> [Work required] Reproduce only the lines below from the line containing "恒盛娱乐药业集团董事长刘景萍" to the line containing "Día de la Educación", exactly as written, with both end lines kept. Omit the pictures.

> [Data shown]
##############################
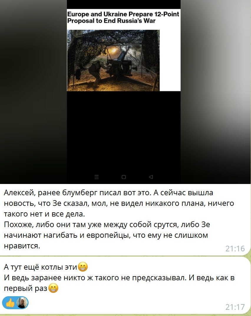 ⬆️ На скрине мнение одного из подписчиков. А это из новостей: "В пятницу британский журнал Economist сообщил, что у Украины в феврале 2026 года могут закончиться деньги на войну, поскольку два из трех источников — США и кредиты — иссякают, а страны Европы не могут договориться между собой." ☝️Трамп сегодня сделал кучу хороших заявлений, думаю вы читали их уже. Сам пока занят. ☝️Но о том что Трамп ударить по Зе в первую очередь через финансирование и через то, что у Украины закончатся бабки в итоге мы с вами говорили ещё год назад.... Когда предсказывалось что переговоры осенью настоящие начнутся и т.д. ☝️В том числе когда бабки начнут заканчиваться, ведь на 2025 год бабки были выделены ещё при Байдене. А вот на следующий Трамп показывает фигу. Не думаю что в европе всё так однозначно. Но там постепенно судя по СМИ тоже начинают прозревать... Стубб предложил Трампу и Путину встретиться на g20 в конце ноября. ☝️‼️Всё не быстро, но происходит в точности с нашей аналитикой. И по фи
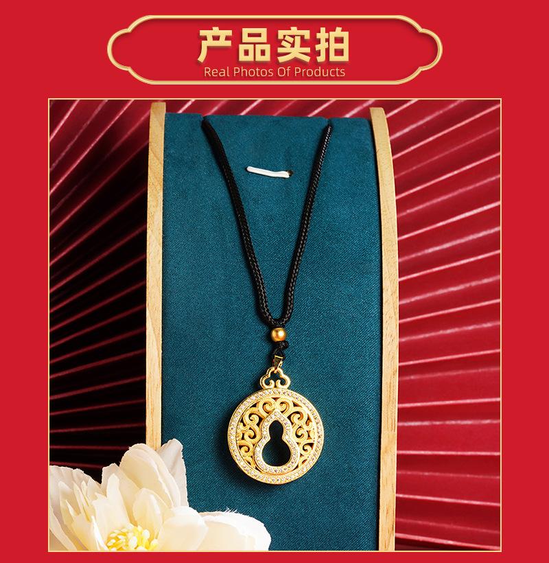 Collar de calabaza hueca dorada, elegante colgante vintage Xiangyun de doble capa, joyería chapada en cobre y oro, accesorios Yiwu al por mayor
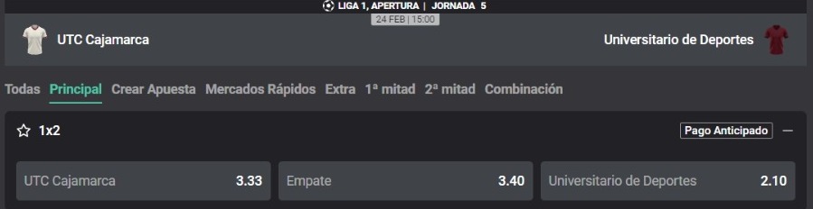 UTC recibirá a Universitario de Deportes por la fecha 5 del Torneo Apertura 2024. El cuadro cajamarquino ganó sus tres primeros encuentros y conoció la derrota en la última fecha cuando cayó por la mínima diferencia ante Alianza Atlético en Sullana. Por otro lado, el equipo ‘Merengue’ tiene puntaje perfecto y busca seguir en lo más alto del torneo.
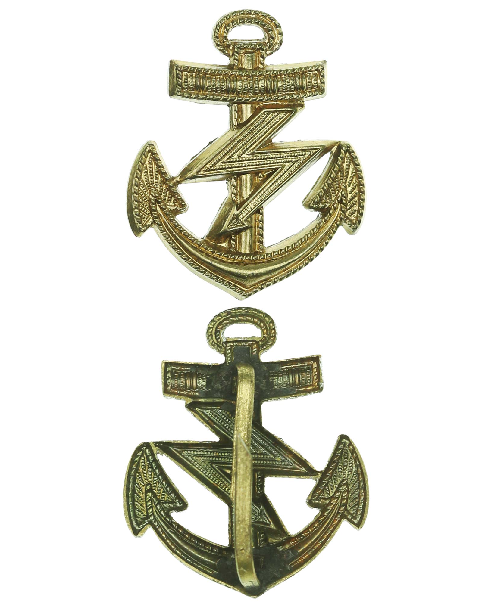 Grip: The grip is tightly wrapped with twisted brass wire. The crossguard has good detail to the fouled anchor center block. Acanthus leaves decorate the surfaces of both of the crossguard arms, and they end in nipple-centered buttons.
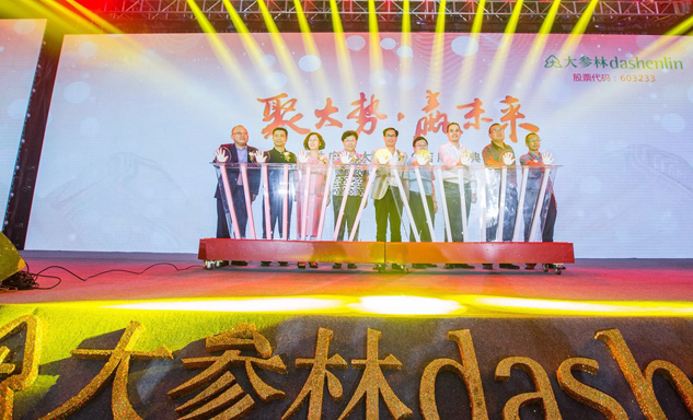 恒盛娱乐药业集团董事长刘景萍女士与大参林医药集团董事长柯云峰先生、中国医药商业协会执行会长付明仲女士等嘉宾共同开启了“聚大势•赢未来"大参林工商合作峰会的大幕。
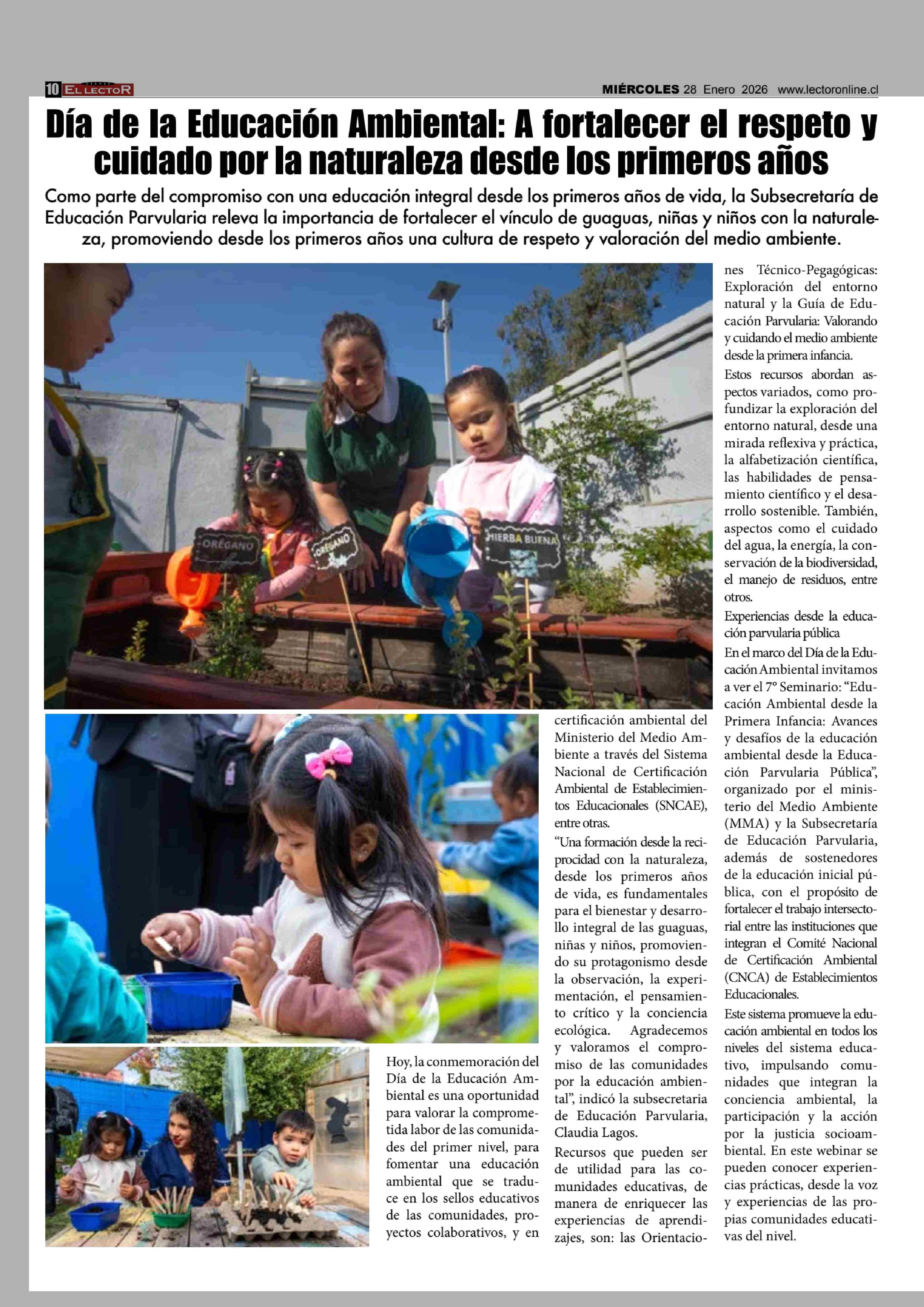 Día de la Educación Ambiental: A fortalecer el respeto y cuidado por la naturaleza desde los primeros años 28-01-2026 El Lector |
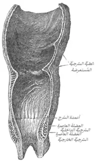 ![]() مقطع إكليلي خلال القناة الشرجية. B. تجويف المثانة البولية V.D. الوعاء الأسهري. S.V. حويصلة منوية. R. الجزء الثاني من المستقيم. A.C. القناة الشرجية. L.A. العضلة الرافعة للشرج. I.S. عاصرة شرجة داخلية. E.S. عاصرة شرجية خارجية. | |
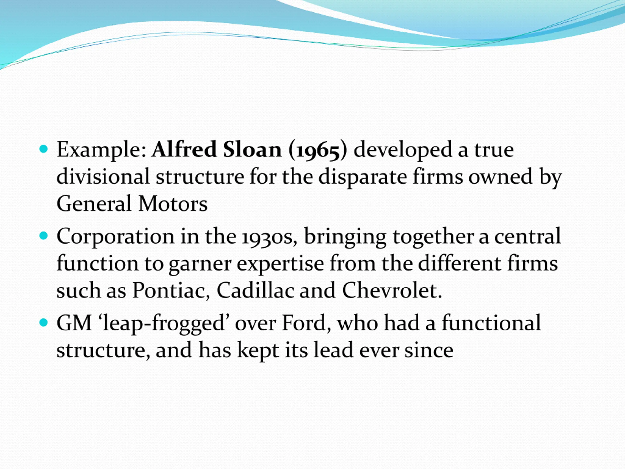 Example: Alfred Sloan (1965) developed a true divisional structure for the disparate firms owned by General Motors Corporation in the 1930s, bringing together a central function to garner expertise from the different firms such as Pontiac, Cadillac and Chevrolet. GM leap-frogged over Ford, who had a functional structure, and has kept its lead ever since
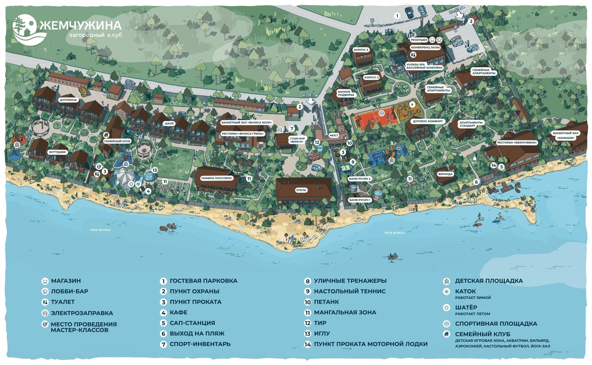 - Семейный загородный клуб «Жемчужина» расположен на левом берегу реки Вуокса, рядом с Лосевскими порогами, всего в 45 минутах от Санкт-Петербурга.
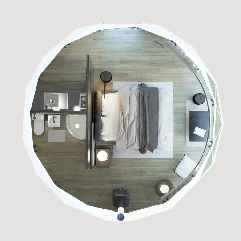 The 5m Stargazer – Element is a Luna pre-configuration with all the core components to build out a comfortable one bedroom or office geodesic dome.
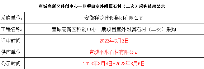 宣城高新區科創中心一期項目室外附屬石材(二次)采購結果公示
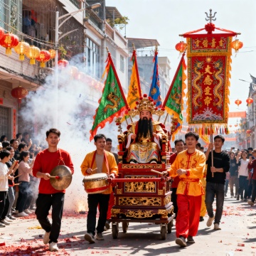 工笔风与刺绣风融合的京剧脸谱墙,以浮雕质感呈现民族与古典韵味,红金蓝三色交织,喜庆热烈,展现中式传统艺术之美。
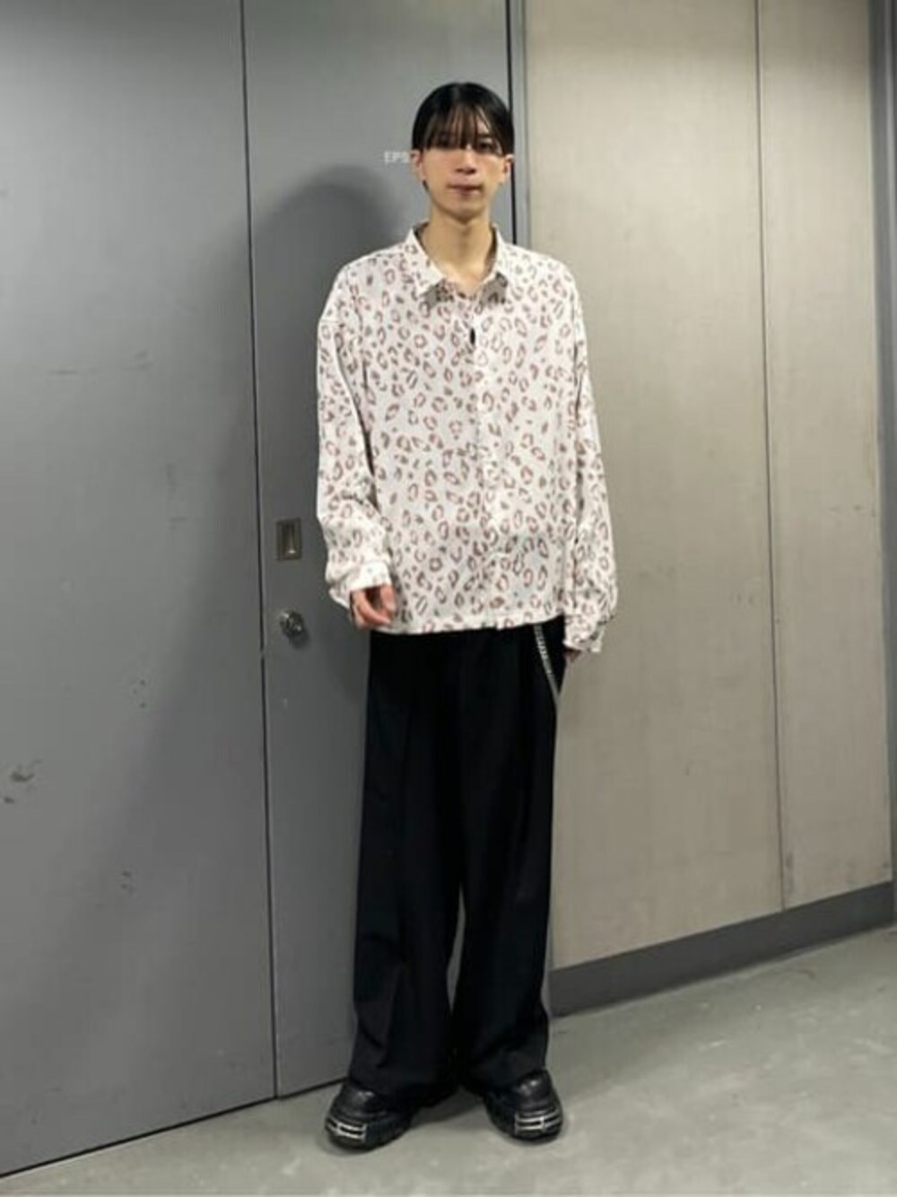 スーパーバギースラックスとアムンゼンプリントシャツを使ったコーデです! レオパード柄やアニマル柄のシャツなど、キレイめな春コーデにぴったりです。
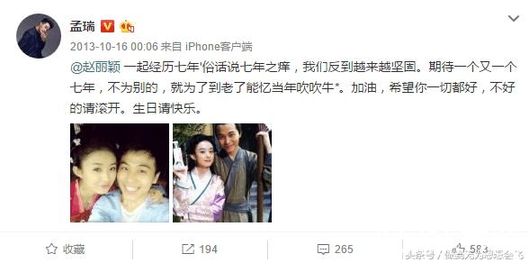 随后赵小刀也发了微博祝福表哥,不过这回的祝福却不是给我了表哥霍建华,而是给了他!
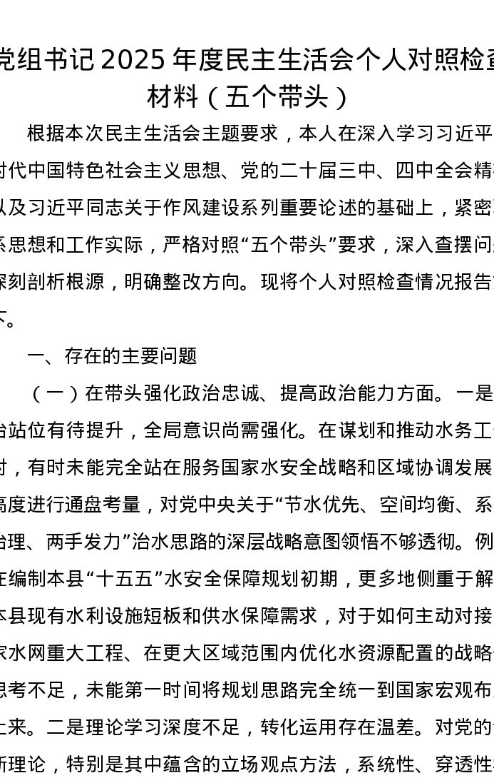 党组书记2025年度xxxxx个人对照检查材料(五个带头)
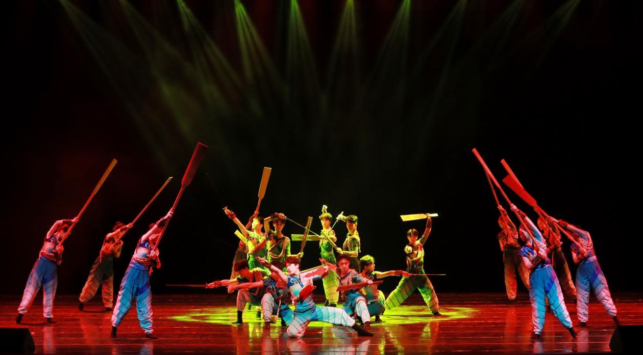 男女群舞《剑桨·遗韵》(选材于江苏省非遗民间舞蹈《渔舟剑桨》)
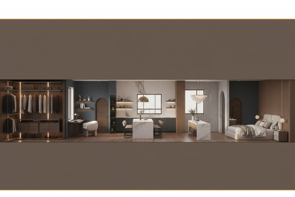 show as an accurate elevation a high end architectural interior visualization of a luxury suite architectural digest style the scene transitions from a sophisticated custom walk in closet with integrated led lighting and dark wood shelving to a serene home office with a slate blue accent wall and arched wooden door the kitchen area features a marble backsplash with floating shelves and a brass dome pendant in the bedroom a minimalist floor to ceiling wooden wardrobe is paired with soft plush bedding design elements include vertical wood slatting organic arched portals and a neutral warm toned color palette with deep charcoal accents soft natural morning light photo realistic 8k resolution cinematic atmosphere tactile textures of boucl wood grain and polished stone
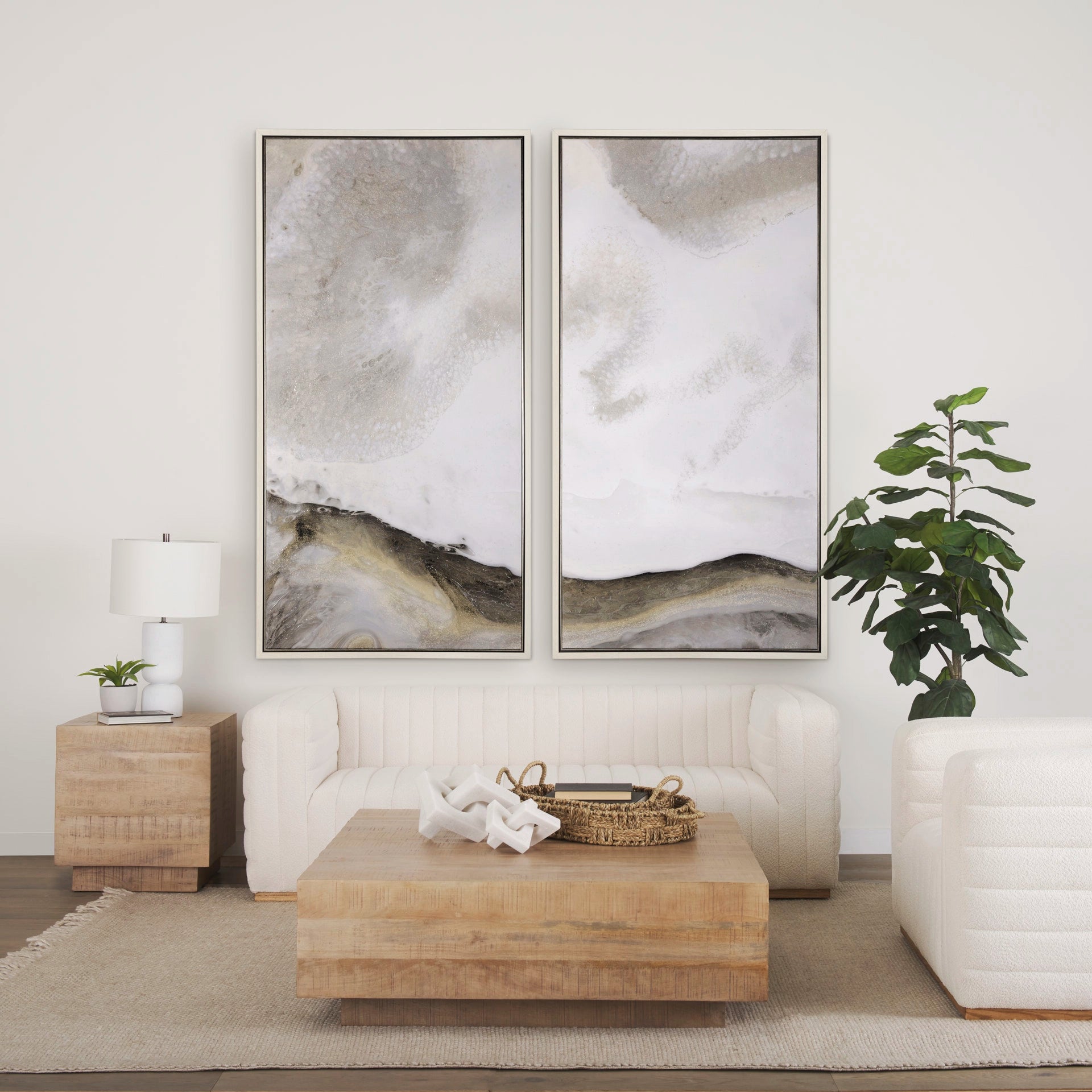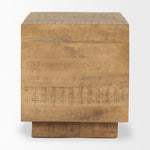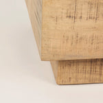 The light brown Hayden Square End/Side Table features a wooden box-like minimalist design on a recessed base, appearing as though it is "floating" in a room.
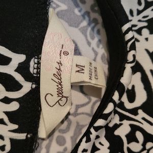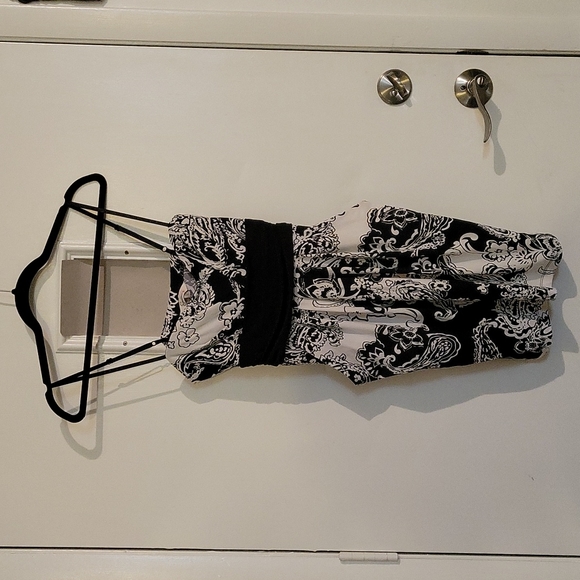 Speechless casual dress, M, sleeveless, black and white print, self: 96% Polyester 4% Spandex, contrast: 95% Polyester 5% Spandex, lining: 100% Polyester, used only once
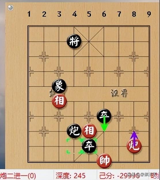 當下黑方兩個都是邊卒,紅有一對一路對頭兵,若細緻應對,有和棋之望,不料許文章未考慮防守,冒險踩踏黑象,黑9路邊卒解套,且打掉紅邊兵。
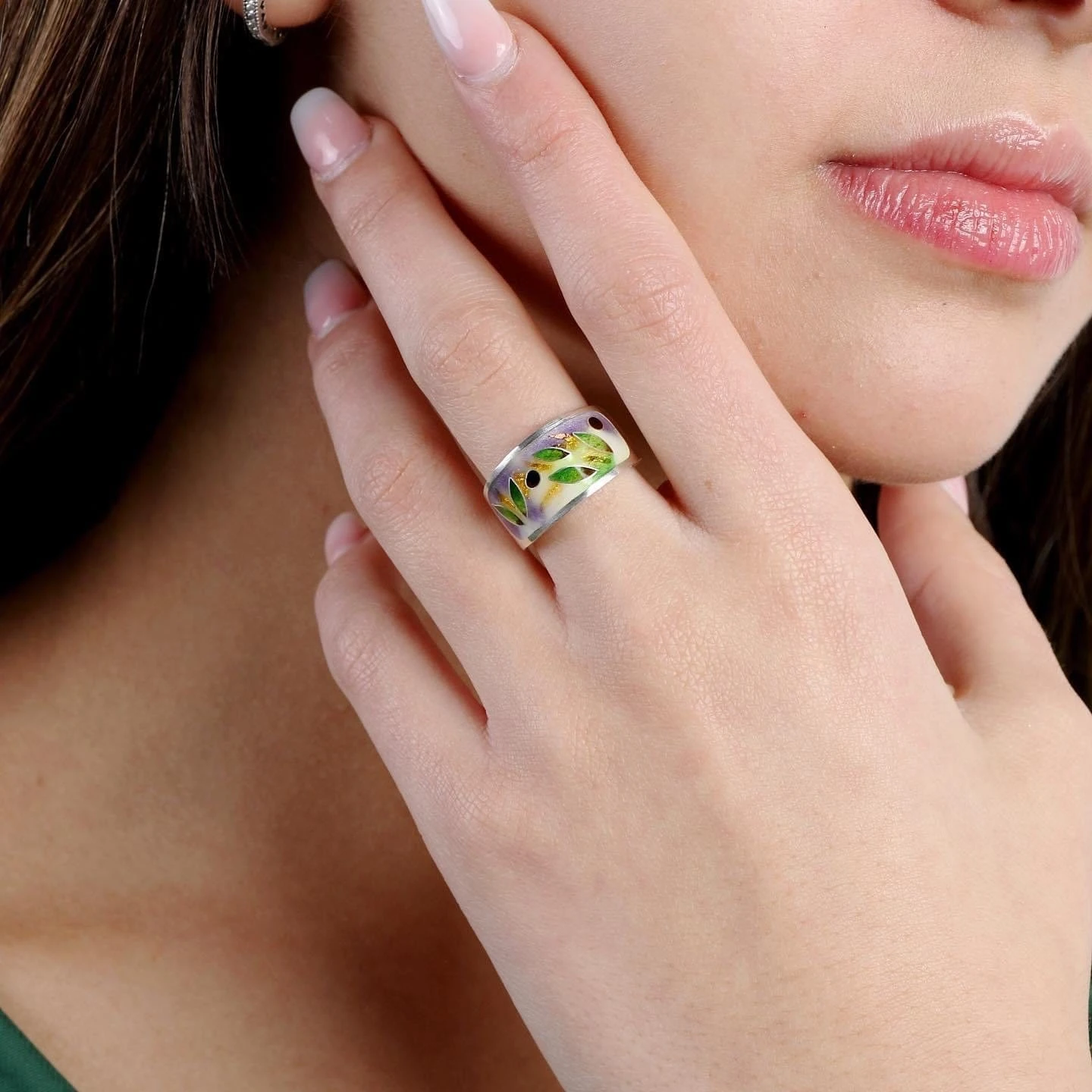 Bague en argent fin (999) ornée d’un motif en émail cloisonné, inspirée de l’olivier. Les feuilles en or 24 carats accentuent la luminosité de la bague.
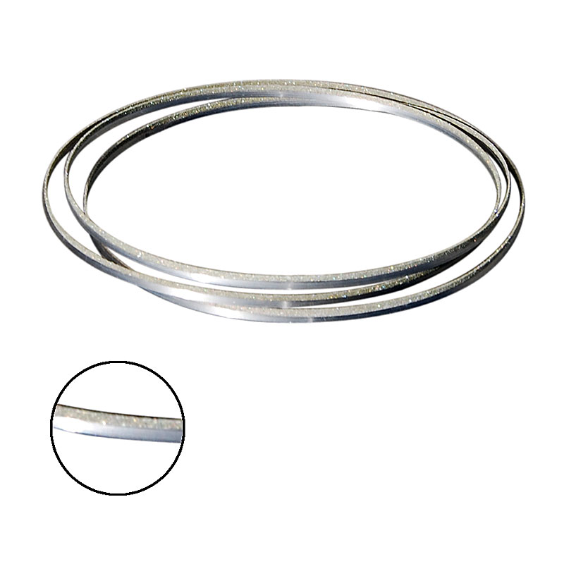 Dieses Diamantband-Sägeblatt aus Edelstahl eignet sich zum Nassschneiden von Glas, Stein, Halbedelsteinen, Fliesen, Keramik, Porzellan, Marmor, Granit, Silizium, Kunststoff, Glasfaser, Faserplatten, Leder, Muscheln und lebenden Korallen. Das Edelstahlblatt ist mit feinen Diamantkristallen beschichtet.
##############################
> [Task result]
 恒盛娱乐药业集团董事长刘景萍女士与大参林医药集团董事长柯云峰先生、中国医药商业协会执行会长付明仲女士等嘉宾共同开启了“聚大势•赢未来"大参林工商合作峰会的大幕。
 Día de la Educación Ambiental: A fortalecer el respeto y cuidado por la naturaleza desde los primeros años 28-01-2026 El Lector |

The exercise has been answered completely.